Quarterly Investment Update: 2017 Quarter 1


La La Land

FC Advisors Quarterly Investment Update – Q1 2017


As many readers know, the 89th Oscars were awarded on February 26th. This annual celebration of Hollywood’s enduring ability to be impressed with itself, was capped off with potentially the most interesting moment in the history of the Oscars. In case you missed it, “La La Land” was mistakenly awarded the Oscar for Best Picture, instead of the true winner, “Moonlight.” The most fascinating aspect of this mix-up, beyond the obvious drama, was the ensuing 2 minutes and 29 seconds in which the world proceeded as if “La La Land” was the legitimate winner. The obligatory applause, handshakes & hugs, were followed by heartfelt acceptance speeches. It was a completely real & authentic experience – until it wasn’t. Suddenly, in the “Moonlight Moment”, everyone was surprised to discover that their real emotions were based on a false premise.

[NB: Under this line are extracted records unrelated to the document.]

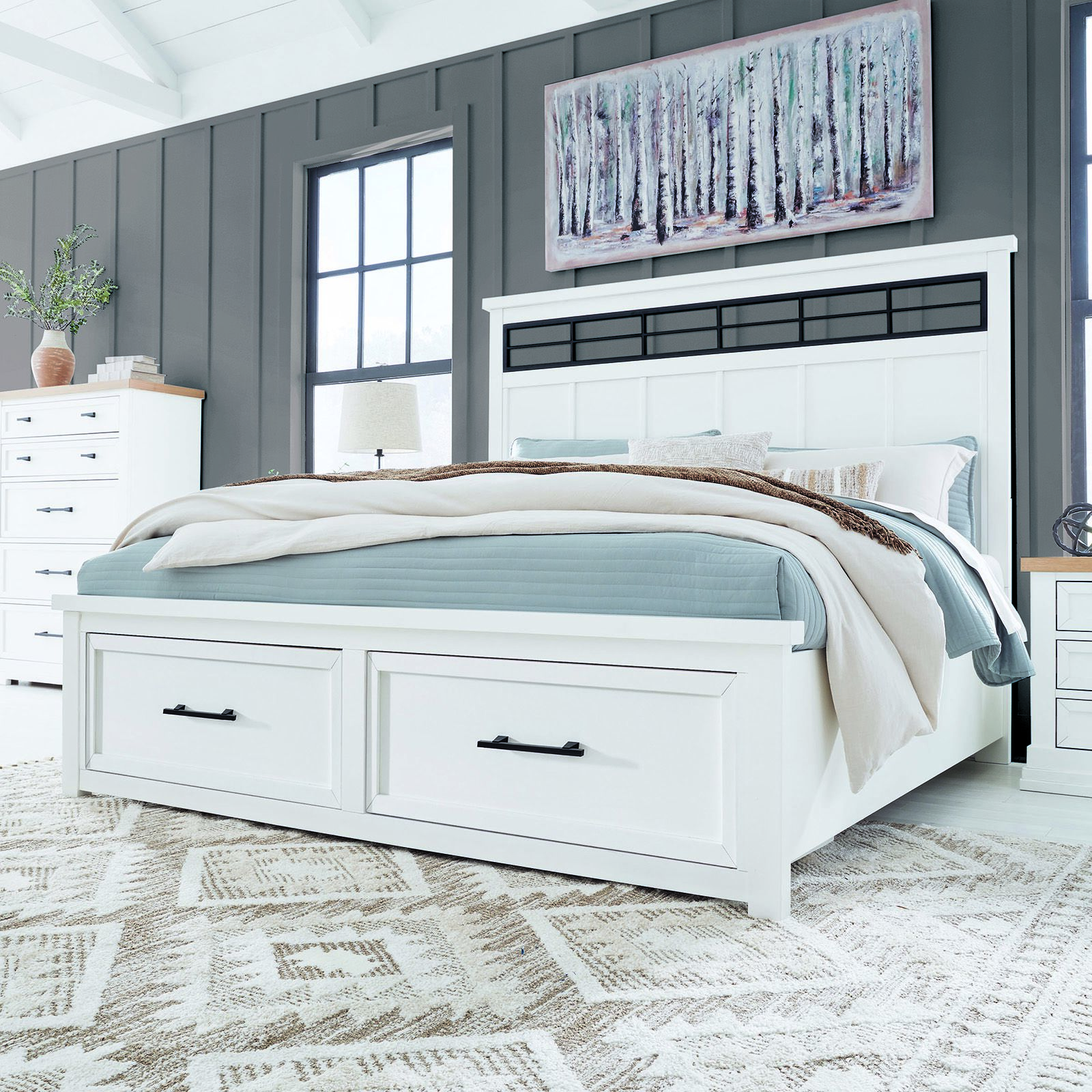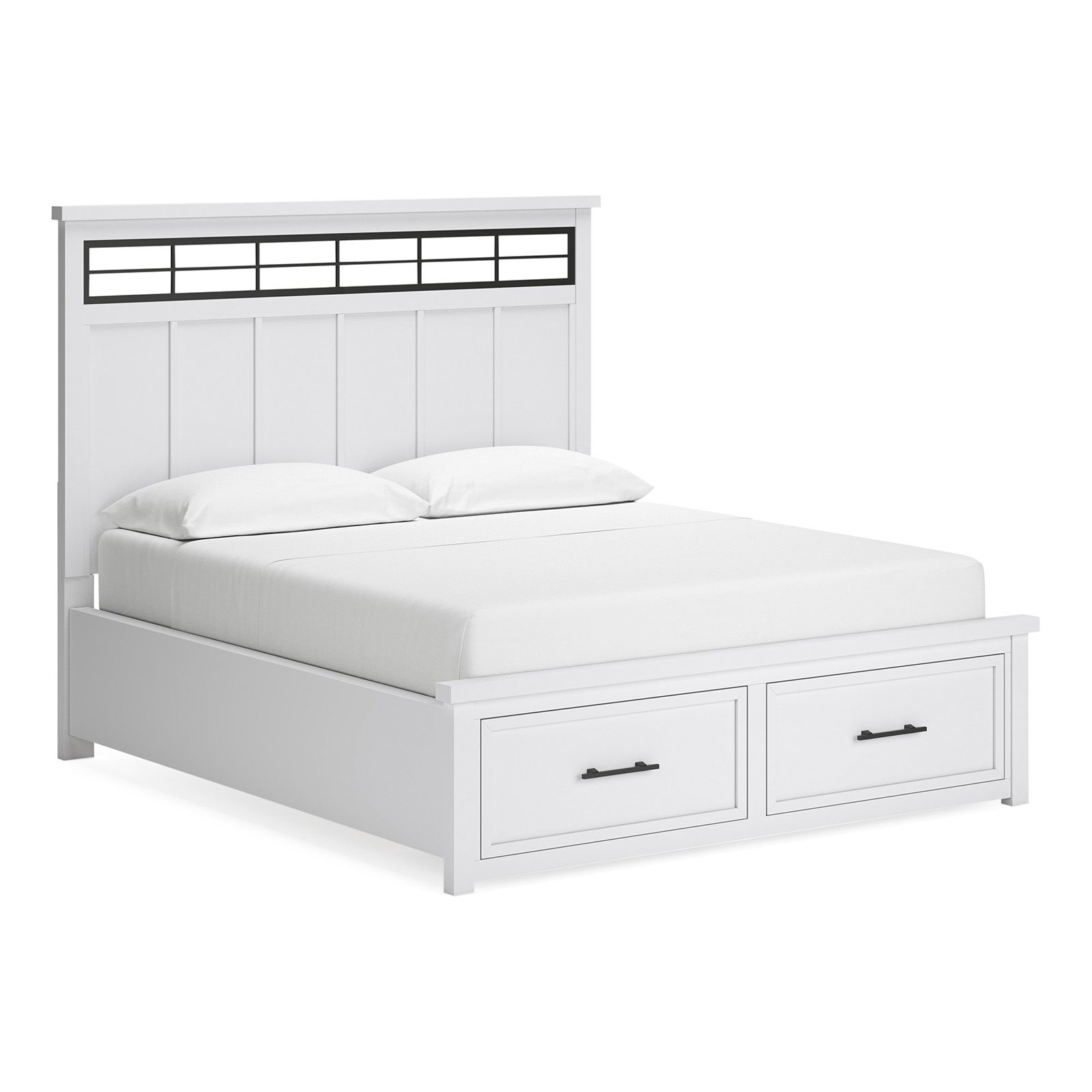 The Ashbryn Queen Storage Bed combines modern farmhouse style with smart storage. Its white hardwood frame features a black metal inset headboard, while two spacious footboard drawers with dovetail construction and ball-bearing glides keep essentials organized. Rails and slats are included—no box spring needed—for a cozy, functional centerpiece.
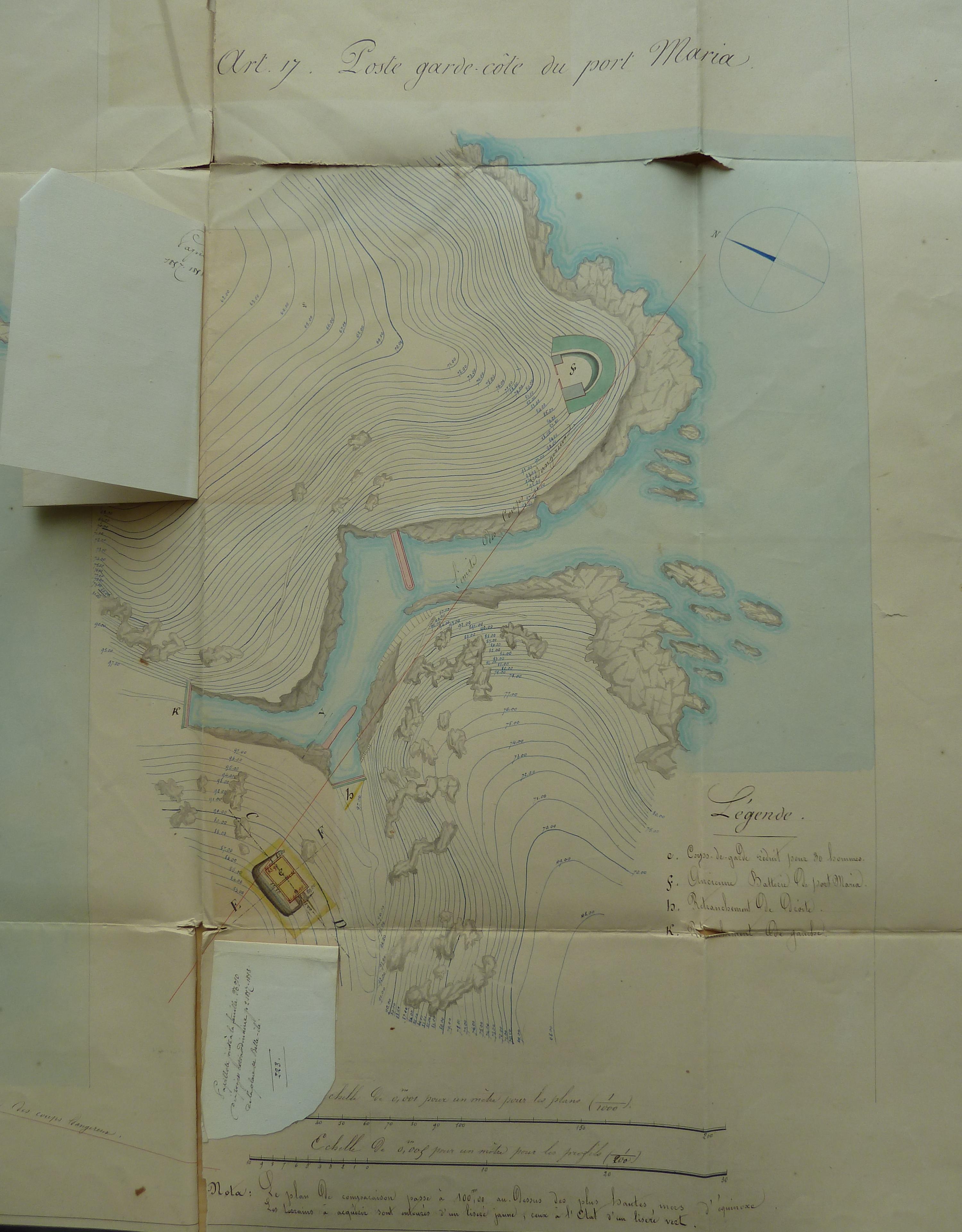 Service historique de la Défense, département Armée de Terre, Vincennes. Archives du Génie ; Article 8, Places françaises et d'Algérie : 1 VH 294, Place de Belle-Île-en-Mer, projets et dépenses annuels, 1854-1857. Direction du Génie de Brest, Place de Belle-Ile, feuille n° 10 des projets extraordinaires pour 1857-1858, batteries d'Arzic, postes garde-côtes de Port Maria et Port Andro, 19 février 1857 [papillote de correction du 18 mars 1857].
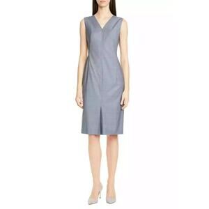 Hugo Boss Dress Sheath Dalanis V Neck Sleeveless Windowpane Check Wool Silk 10 M
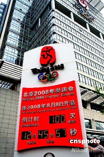 4月30日上午,顯示距北京2008年奧運(yùn)會100天的北京奧運(yùn)大廈倒計(jì)時牌吸引記者拍攝。當(dāng)日京城隆重舉行系;顒,表達(dá)京城各界人士盼望北京奧運(yùn)會的喜悅心情。 中新社發(fā) 宋吉河 攝

We can’t help but find this Oscars moment instructive for the current investment environment in the US. In fact, our opinion is that the US stock market is in La La Land today. We define La La Land as the point beyond maximum rational optimism and just at the beginning of irrational optimism. Investors seem infatuated with the opportunities that deregulation, tax reform, infrastructure spending and healthcare reform will bring to the US economy. From our vantage point, it appears that the market has chosen to ignore the fact that all policies have both positive and negative ramifications. While it may be frustrating to some, there is no reason that the market cannot continue marching higher into ever-increasing irrational optimism. The word, irrational, literally means without reason. Therefore we must accept that the market no longer needs “reasons” to justify ever-higher prices. The lesson from the Oscars debacle, for all investors, is that even though the US stock market may continue moving irrationally higher, your emotions will be real. It will be a completely real & authentic experience – until it isn’t. We are confident that the US stock market will experience its own “Moonlight Moment”, which will be when we all realize that the thrills of making more money and the regrets of missing out were based on a false premise.


Executive Summary

  • The Quarter in Review
  • Sentiment & Value Update
  • Themes We’re Still Watching
  • Inflation
  • Straight-line Thinking


The Quarter in Review

Politics once again dominated the news in the 1st quarter of 2017. The US stock market continued to rally until peaking recently on March 1st. The bond markets stabilized after selling off on expectations of higher inflation and faster economic growth. Gold recovered most of its post-election losses and international stock markets outperformed the US stock market for the first time in a while.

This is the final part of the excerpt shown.